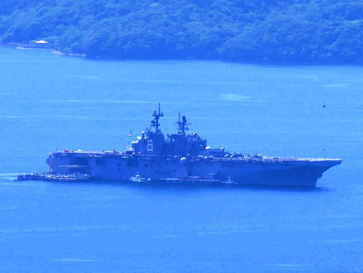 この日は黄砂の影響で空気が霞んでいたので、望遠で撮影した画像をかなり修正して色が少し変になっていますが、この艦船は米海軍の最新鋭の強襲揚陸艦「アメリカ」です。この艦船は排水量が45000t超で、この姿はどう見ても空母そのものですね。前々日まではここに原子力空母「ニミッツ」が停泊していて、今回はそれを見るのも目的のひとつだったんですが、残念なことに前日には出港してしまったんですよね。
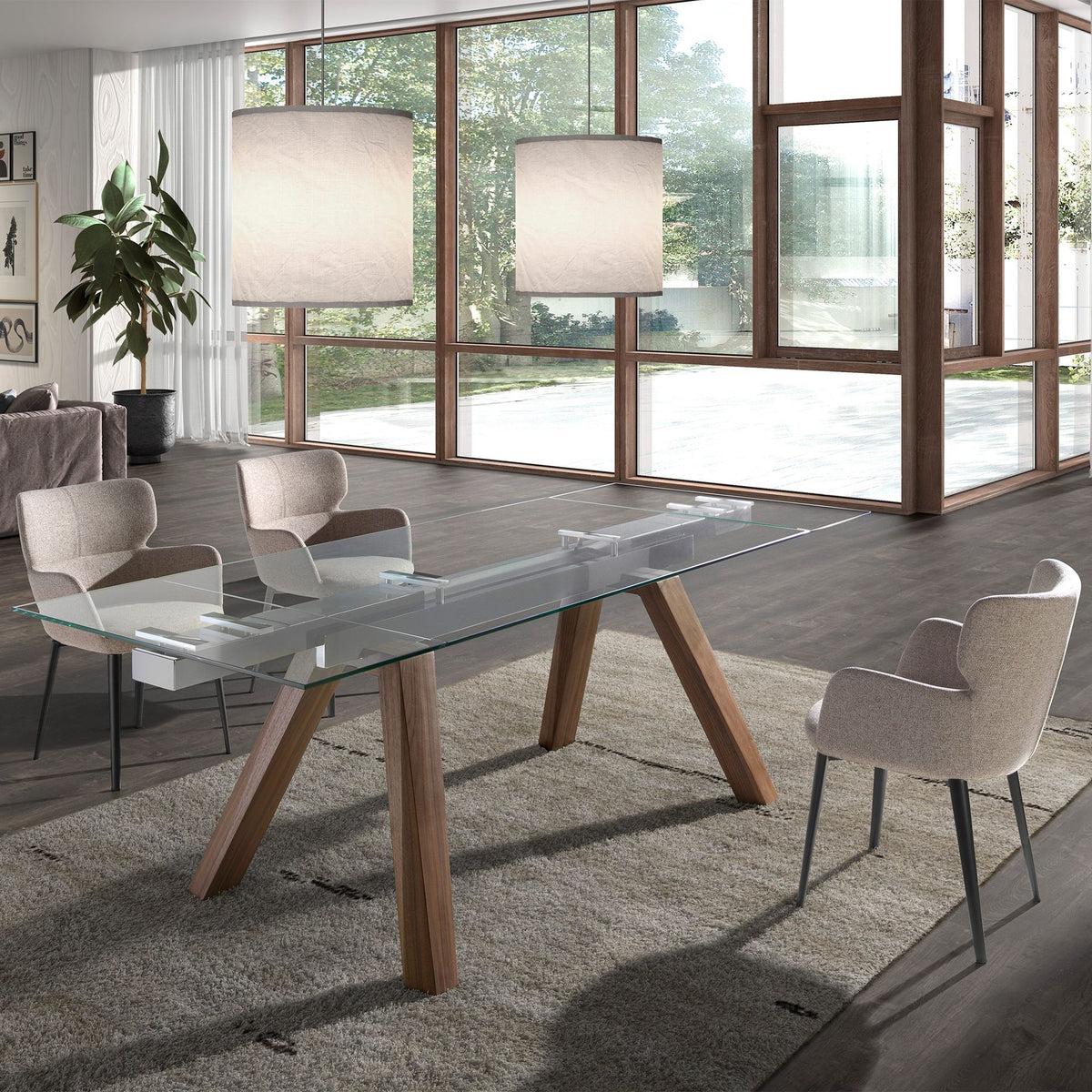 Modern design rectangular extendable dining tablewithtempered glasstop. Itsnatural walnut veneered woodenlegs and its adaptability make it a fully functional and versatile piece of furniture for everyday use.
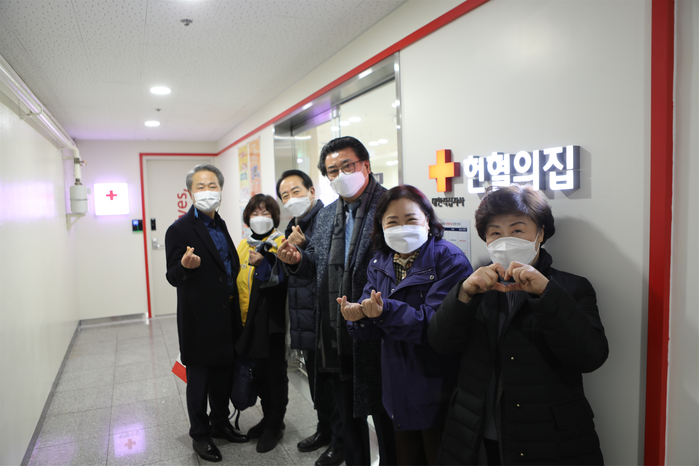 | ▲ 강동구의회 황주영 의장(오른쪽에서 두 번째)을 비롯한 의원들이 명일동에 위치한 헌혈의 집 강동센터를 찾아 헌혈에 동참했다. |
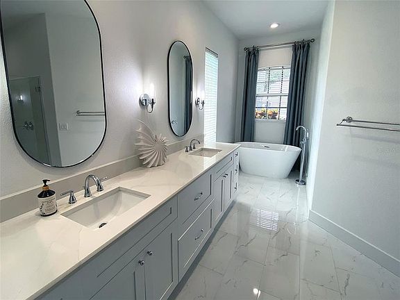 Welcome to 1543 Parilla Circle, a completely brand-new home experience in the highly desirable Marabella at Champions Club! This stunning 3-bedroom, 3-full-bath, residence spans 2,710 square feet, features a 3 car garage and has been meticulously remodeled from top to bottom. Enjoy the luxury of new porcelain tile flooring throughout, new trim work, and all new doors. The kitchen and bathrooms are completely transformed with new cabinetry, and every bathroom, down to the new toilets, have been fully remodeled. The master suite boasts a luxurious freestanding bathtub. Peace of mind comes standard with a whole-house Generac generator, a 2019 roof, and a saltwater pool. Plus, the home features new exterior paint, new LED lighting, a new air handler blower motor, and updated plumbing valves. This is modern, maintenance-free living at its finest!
...
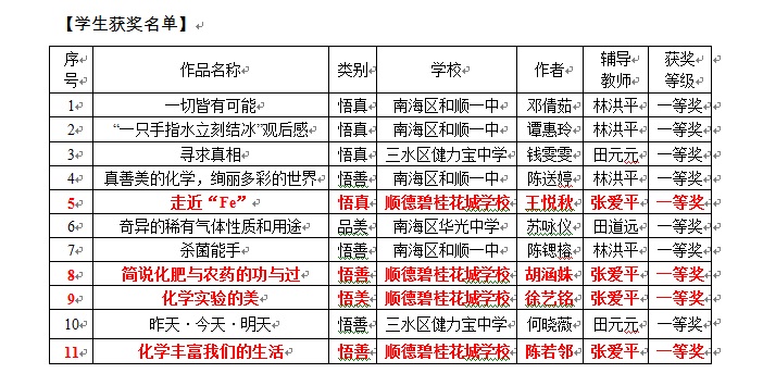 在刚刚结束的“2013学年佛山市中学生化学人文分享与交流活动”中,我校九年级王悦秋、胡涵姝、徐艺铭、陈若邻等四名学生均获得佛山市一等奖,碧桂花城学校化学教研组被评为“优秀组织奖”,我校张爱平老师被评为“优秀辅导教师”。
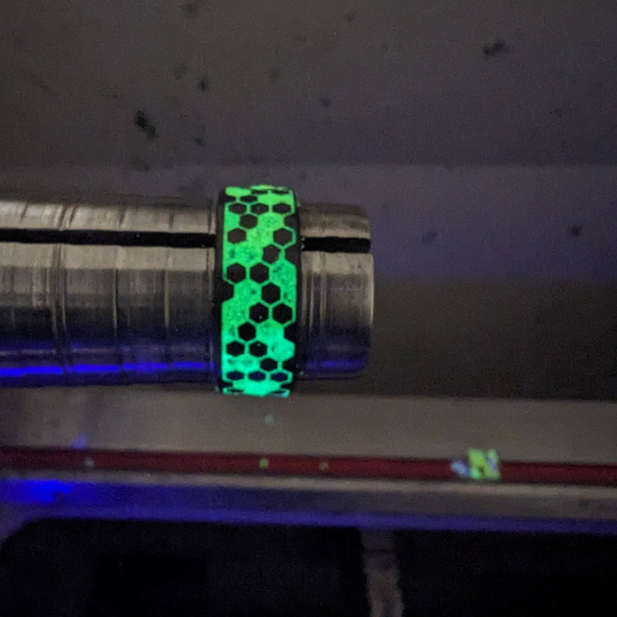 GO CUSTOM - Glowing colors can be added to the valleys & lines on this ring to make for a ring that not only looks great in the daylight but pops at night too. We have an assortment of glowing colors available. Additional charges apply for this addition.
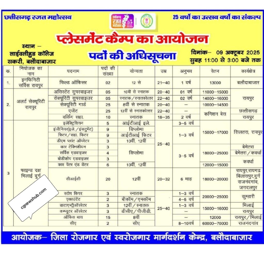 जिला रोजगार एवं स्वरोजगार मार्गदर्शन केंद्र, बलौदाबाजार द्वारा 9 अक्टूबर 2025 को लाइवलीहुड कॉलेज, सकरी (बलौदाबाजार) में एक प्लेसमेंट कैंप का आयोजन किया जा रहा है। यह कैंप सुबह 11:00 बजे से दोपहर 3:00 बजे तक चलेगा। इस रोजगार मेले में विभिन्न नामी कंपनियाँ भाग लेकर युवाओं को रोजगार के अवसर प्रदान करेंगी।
* * *
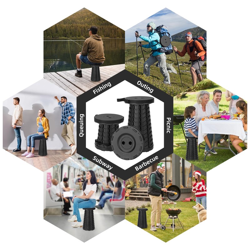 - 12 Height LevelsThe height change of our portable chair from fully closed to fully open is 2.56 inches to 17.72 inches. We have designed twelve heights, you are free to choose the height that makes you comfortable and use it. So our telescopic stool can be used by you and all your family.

_Directions_
Beginning at the line above that contains "この日は黄砂の影響で空気が霞" and going on through the line that contains "헌혈에 동참했다. |", please copy every line exactly, leaving the pictures out and adding nothing.

_Your solution_
 この日は黄砂の影響で空気が霞んでいたので、望遠で撮影した画像をかなり修正して色が少し変になっていますが、この艦船は米海軍の最新鋭の強襲揚陸艦「アメリカ」です。この艦船は排水量が45000t超で、この姿はどう見ても空母そのものですね。前々日まではここに原子力空母「ニミッツ」が停泊していて、今回はそれを見るのも目的のひとつだったんですが、残念なことに前日には出港してしまったんですよね。
 Modern design rectangular extendable dining tablewithtempered glasstop. Itsnatural walnut veneered woodenlegs and its adaptability make it a fully functional and versatile piece of furniture for everyday use.
 | ▲ 강동구의회 황주영 의장(오른쪽에서 두 번째)을 비롯한 의원들이 명일동에 위치한 헌혈의 집 강동센터를 찾아 헌혈에 동참했다. |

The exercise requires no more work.